Big Bubbles (no troubles)

What sucks, who sucks and you suck

Node Inheritance in Puppet

Inheritance - specifically node inheritance - in Puppet seems like a great time saver and an ideal way to simplify your configurations. Until you encounter The Node That Must Be Slightly Different.

Once upon a time, before the language evolved and Puppetlabs were able to start advising you not to do it, it was a common Puppet pattern to define a ‘dummy’ basenode containing your common, global settings and then inherit that throughout one or more further levels of node definitions. This makes sense, because you don’t want to define the same group of settings and classes for each one of ten, fifty, a hundred or eleventy-lots nodes, and then have to update that group for them all again when something changes. The problem is, once you’ve inherited something from a ‘higher’ node, it’s set in stone. And then, inevitably, particularly if you deal with enterprise networks rather than nice, clean, homogenous web platforms, you will need to add the one node that must inherit all the common settings but tweak one of them just slightly.
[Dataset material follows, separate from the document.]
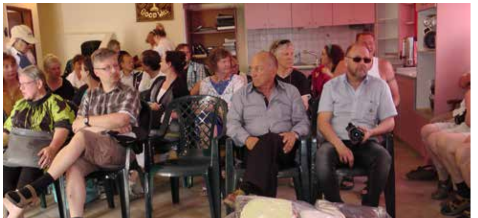
Golanilla vierailtiin Huumevieroituskeskusissa.
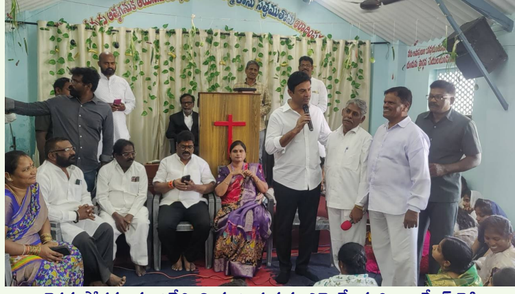
త్రైవేణి సోదరులను ఉద్దేశించి మాట్లాడుతున్న ఎమ్మెల్యే మర్రి రాజశేఖర్ రెడ్డి

For example, we include our ‘ssh’ class in the basenode, because it’s a core protocol, it’s pervasive and we never conceived of a time, barring the heat-death of the universe, when we would not want to run SSH identically on every single node ever, regardless of OS or role. (The ssh class thus rolls out the same secured SSH configuration across the board and ensures that the SSH daemon is kept running.) This worked fine and we didn’t need to give it another thought - until one day we gained a new customer who had their own custom SFTP application that had to bind to port 22, meaning that we needed to run our SSH daemon on another port. Problem: we have to inherit the basenode to gain all the common settings for name servers, SNMP managers, etc. But doing that also means pulling in the standard SSH configuration that runs on port 22. And because we’ve inherited it, we can’t override it later for the node in question. This doesn’t work:

node basenode {
  include ssh
}
node snowflake inherits basenode {
  $ssh_port = '20220'	# not visible to ssh class
}

There are two possible workarounds if you stick with inheritance in cases like this:

  1. Use an external facts plugin, and define a local fact in a file on the node to specify the overriding value. Modify your class to use the fact value if it exists or a default. You can even write a Puppet class to create the fact file, although your policy then requires two runs to set everything up correctly (the first to create the fact, the second to read it and use it).

  2. Query an external lookup for the value, or use a default. For example, with extlookup:
    $ssh_port = extlookup('ssh_port', 22)
    (And then use $ssh_port in your sshd_config template or wherever.)

We used to favour the first method, but have now moved to the second because it feels cleaner and does everything in one run. (Also, the facts-dot-d plugin has been deprecated.) In the future, we’ll probably move to Hiera once the Puppet release we’re using has it built in. Either way ensures that you can set and obtain a value at the time of use of the class, rather than relying on a lower scope to influence something that it can’t.

There’s a third way, which is to gather all your common includes and settings into a single, general class and then include that on each node. We do that too, for some things. We even pass in parameters that control whether certain individual classes get included or not (e.g. nodes that have their own custom MTA config because the customer needs to handle mail locally or, for some unearthly reason, wants DKIM, don’t get the generic mail client class). Here’s another example: we set up all our admin accounts via Puppet, and assign fixed UIDs to them. But we have some legacy nodes where the customer already assigned some of the same UIDs for their application. In these cases, we ‘turn off’ the admin user class via a boolean parameter to the general class. (In the future, we might define a per-node base UID value to allow our accounts to be remapped to an available range, again via an external lookup.)

Because inevitably, ‘general’ turns out not to be quite general enough.

My larger point is: don’t be fooled by many of the Puppet examples into thinking that simple, homogenised platforms are the typical use case. Puppet (and its documentation) likes your nodes to be as similar as possible, but if your real world implementation is messier than that, you can still adapt it - yes, perhaps with some mess - to work around the differences.